Stored items from a collection
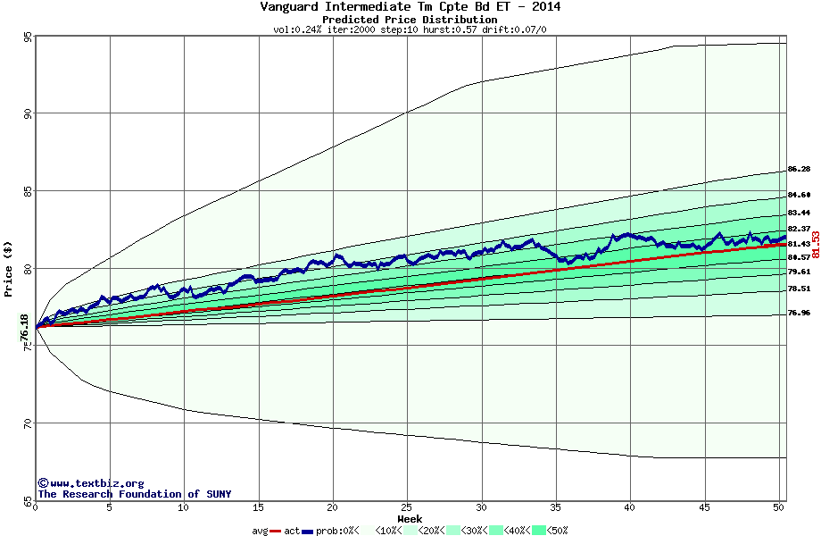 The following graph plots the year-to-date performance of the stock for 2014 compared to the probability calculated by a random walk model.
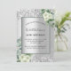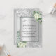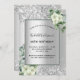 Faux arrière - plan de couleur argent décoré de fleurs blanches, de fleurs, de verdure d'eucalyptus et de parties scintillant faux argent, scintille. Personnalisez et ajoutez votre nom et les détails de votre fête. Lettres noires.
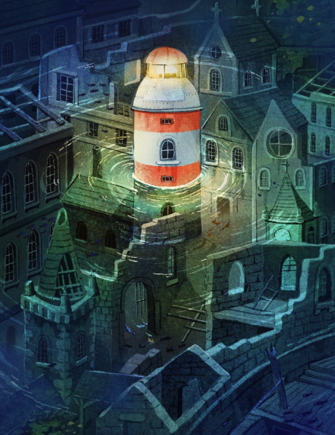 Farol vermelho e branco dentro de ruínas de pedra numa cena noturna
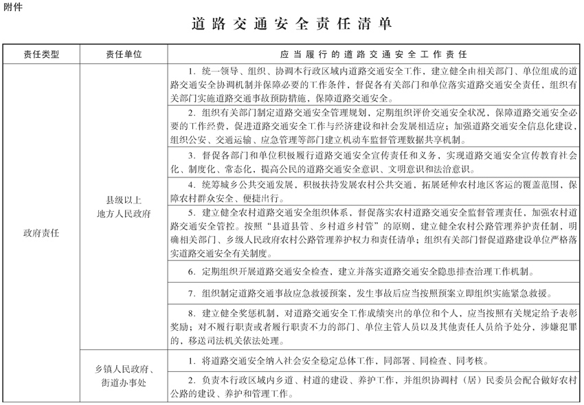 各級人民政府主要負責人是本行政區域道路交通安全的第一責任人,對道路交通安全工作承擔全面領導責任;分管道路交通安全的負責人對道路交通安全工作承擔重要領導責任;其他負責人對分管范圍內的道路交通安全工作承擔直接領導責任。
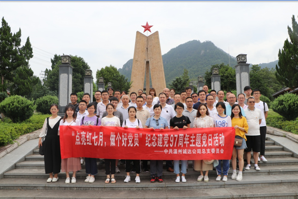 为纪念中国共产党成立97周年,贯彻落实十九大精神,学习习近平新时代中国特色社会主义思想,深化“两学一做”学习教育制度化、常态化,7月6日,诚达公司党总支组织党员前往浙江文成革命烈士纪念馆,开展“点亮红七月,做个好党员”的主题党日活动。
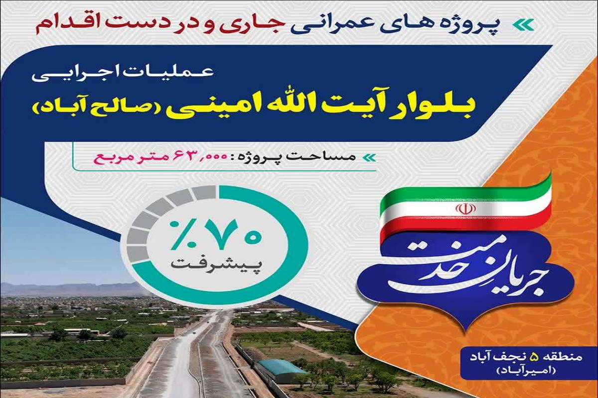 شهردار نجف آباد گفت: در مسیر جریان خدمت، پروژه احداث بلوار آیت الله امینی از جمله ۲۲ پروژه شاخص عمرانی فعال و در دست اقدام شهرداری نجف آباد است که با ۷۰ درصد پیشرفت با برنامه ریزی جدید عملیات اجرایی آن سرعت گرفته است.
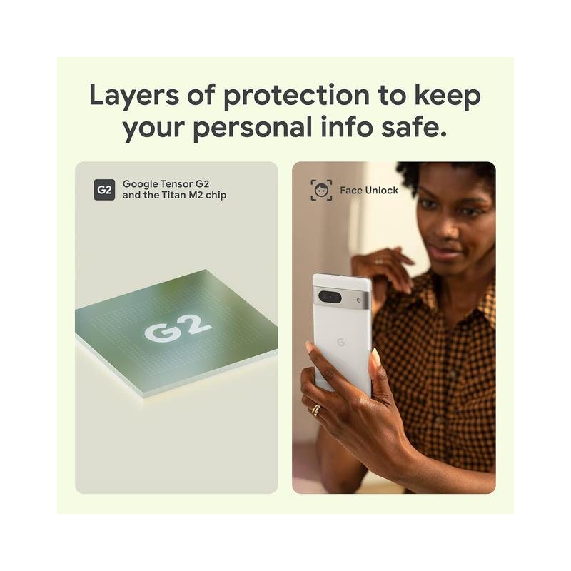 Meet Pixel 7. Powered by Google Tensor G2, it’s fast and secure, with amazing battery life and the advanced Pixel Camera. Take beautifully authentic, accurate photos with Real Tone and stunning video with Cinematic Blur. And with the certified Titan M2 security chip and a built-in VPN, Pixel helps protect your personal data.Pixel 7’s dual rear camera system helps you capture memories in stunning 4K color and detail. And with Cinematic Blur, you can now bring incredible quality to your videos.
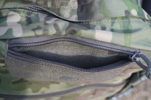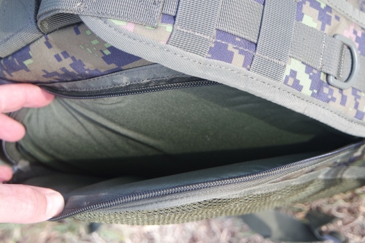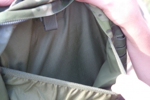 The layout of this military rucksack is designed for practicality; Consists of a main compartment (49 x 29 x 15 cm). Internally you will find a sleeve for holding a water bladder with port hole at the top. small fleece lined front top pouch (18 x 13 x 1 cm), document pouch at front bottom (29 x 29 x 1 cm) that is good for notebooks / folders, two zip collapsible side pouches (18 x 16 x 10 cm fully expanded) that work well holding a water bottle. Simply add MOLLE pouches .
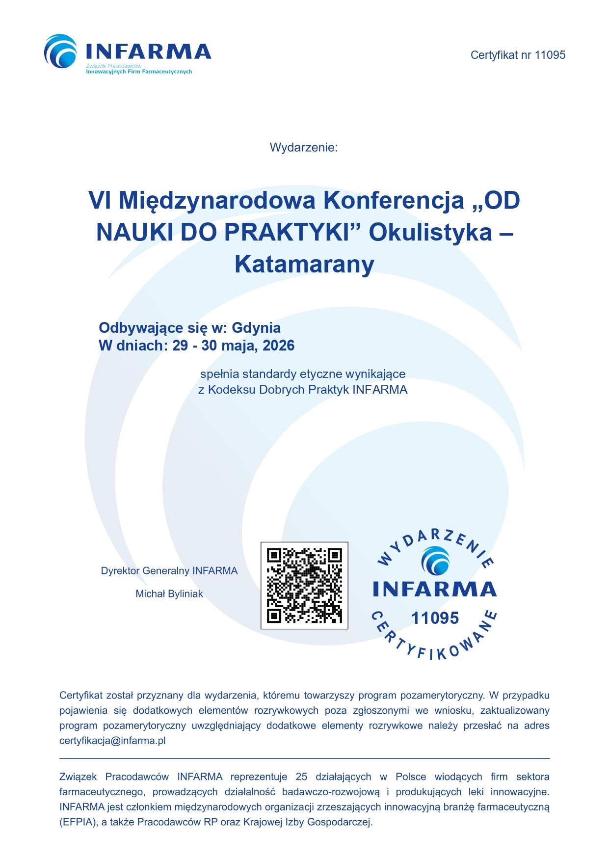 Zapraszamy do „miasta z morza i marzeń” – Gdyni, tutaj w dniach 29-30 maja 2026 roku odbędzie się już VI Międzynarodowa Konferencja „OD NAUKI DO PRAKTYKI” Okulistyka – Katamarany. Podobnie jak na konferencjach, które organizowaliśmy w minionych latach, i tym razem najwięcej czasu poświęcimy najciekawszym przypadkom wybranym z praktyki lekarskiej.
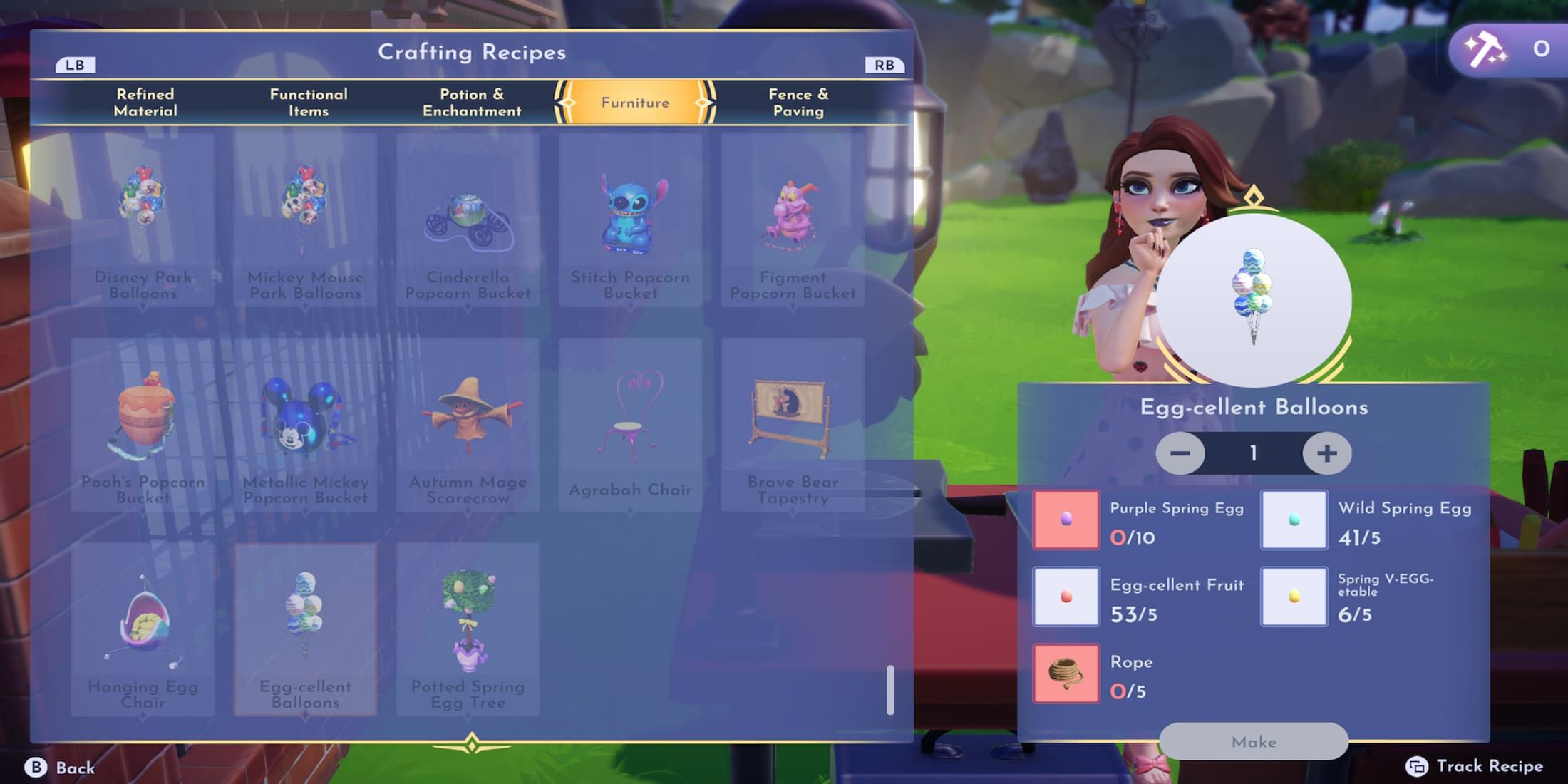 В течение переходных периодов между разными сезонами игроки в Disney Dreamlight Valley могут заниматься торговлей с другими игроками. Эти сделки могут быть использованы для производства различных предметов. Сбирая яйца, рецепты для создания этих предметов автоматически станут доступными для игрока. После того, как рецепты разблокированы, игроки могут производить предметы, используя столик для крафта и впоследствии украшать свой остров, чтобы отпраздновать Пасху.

What this task involves —
Each line above must be set down exactly, though no picture should be carried over.

Worked solution —
 The following graph plots the year-to-date performance of the stock for 2014 compared to the probability calculated by a random walk model.
 Faux arrière - plan de couleur argent décoré de fleurs blanches, de fleurs, de verdure d'eucalyptus et de parties scintillant faux argent, scintille. Personnalisez et ajoutez votre nom et les détails de votre fête. Lettres noires.
 Farol vermelho e branco dentro de ruínas de pedra numa cena noturna
 各級人民政府主要負責人是本行政區域道路交通安全的第一責任人,對道路交通安全工作承擔全面領導責任;分管道路交通安全的負責人對道路交通安全工作承擔重要領導責任;其他負責人對分管范圍內的道路交通安全工作承擔直接領導責任。
 为纪念中国共产党成立97周年,贯彻落实十九大精神,学习习近平新时代中国特色社会主义思想,深化“两学一做”学习教育制度化、常态化,7月6日,诚达公司党总支组织党员前往浙江文成革命烈士纪念馆,开展“点亮红七月,做个好党员”的主题党日活动。
 شهردار نجف آباد گفت: در مسیر جریان خدمت، پروژه احداث بلوار آیت الله امینی از جمله ۲۲ پروژه شاخص عمرانی فعال و در دست اقدام شهرداری نجف آباد است که با ۷۰ درصد پیشرفت با برنامه ریزی جدید عملیات اجرایی آن سرعت گرفته است.
 Meet Pixel 7. Powered by Google Tensor G2, it’s fast and secure, with amazing battery life and the advanced Pixel Camera. Take beautifully authentic, accurate photos with Real Tone and stunning video with Cinematic Blur. And with the certified Titan M2 security chip and a built-in VPN, Pixel helps protect your personal data.Pixel 7’s dual rear camera system helps you capture memories in stunning 4K color and detail. And with Cinematic Blur, you can now bring incredible quality to your videos.
 The layout of this military rucksack is designed for practicality; Consists of a main compartment (49 x 29 x 15 cm). Internally you will find a sleeve for holding a water bladder with port hole at the top. small fleece lined front top pouch (18 x 13 x 1 cm), document pouch at front bottom (29 x 29 x 1 cm) that is good for notebooks / folders, two zip collapsible side pouches (18 x 16 x 10 cm fully expanded) that work well holding a water bottle. Simply add MOLLE pouches .
 Zapraszamy do „miasta z morza i marzeń” – Gdyni, tutaj w dniach 29-30 maja 2026 roku odbędzie się już VI Międzynarodowa Konferencja „OD NAUKI DO PRAKTYKI” Okulistyka – Katamarany. Podobnie jak na konferencjach, które organizowaliśmy w minionych latach, i tym razem najwięcej czasu poświęcimy najciekawszym przypadkom wybranym z praktyki lekarskiej.
 В течение переходных периодов между разными сезонами игроки в Disney Dreamlight Valley могут заниматься торговлей с другими игроками. Эти сделки могут быть использованы для производства различных предметов. Сбирая яйца, рецепты для создания этих предметов автоматически станут доступными для игрока. После того, как рецепты разблокированы, игроки могут производить предметы, используя столик для крафта и впоследствии украшать свой остров, чтобы отпраздновать Пасху.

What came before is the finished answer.